Sarah Merchant

Department: 
2026 Synar Graduate Research Fellowship
Bio/CV: 

Sarah Merchant is a PhD candidate in Sociology at UC Berkeley. Her work bridges the fields of religious studies and political economy by exploring the entanglements between racial capitalism, the formation of the secular, and the Islamic world. Prior to Berkeley, she was a Pre-Doctoral Fellow in the Harvard Economics Department and a research assistant at the Harvard Kennedy School studying the racial and spatial determinants of economic inequality. She received her BA in Ethics, Politics, and Economics with honors from Yale University.

Research interests: 

Dissertation Title: The Muslim Left in the Metropole: Islamic Theology and Progressive Politics in New York City

On the heels of the election of New York City’s first Muslim socialist mayor, my dissertation documents the formation of a Muslim Left in contemporary American politics. How was this political victory made possible by the mobilization of Muslim communities and organizations in the weeks, months, and years prior to the election? My dissertation aims to answer this question by tracing the nascent formation that has coalesced across spaces and issues, tethered by shared networks and a commitment to integrating Islamic ethics, theology, and practice into political organizing. I suggest that this new political movement is made up of overlapping networks across religious, cultural, non-profit, and political institutions in New York addressing issues that affect Muslims locally and internationally. Seeking to escape the secular left’s suspicion of religion and the Islamic orthodoxy’s emphasis on individual piety, the participants of this movement are fashioning their own understandings of a political Islam to resist both corporate and state interests. To do this, participants are critiquing state violence at Friday prayers, discussing Islamic theology in political education reading groups, and convening performance spaces to trace a political Islam in poetic verse. My dissertation explicitly asks how Islamic practice informs the political organizing approach of this movement.

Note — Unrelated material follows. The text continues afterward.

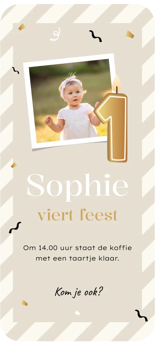 Digitale uitnodiging voor een eerste verjaardag van een meisje of jongen. Deze uitnodiging voor een kinderfeest is digitaal en kun je gemakkelijk versturen via je je mobiel. De uitnodiging heeft beige kleuren met een gestreepte achtergrond, confetti en een verjaardag kaarsje in het cijfer 1. Zet in het kader een foto van je kleintje. Deze digitale uitnodiging is geschikt voor een kinderfeest, voor een 1e verjaardag maar ook zeker voor een doopfeest.

Anchored by an ethnographic investigation of this New Muslim Left, my dissertation situates this political formation within a longer historical entanglement between racial capitalism and Islam dating back to the Crusades, the Inquisition, and the emergence of Renaissance humanism. It argues that because the formation of the Muslim “Other” has been critical to the project of racialization and European imperialism, the Muslim Left engages in a crucial reclamation of Islam as a political resource to resist the dual forces of contemporary capitalism and imperialism. My dissertation also situates its ethnographic exploration of the contemporary Muslim Left within a broader lineage of twentieth century Muslim political actors who mobilized Islamic theology for progressive political projects in the Global South.

In addition to documenting the Muslim Left today through an engagement with Muslim political organizations, I explore how performance spaces facilitate the merger of the theological and political. In these spaces, the body is read as a vessel through which divine energy and political action are realized. I document how Muslim musicians integrate Quranic verses into political songwriting, invoking an Islamic cosmology of unity that troubles the analytical separations between self, other, and divine. Through this process, they challenge commonly accepted conceptions of liberal selfhood that help rationalize the political domination of the “Other." I also trace how Muslim artists read this cosmology of unity in conversation with Black feminist scholarship on the erotic to theorize the body as a vehicle for cultivating an awareness of both divine and self-knowledge that can mobilize Muslims to resist forms of political subordination. In doing so, I clarify how theology becomes embodied and then politically mobilized. Through my study of the contemporary Muslim Left, I contribute to the ongoing conversation on the role of religion in American politics today.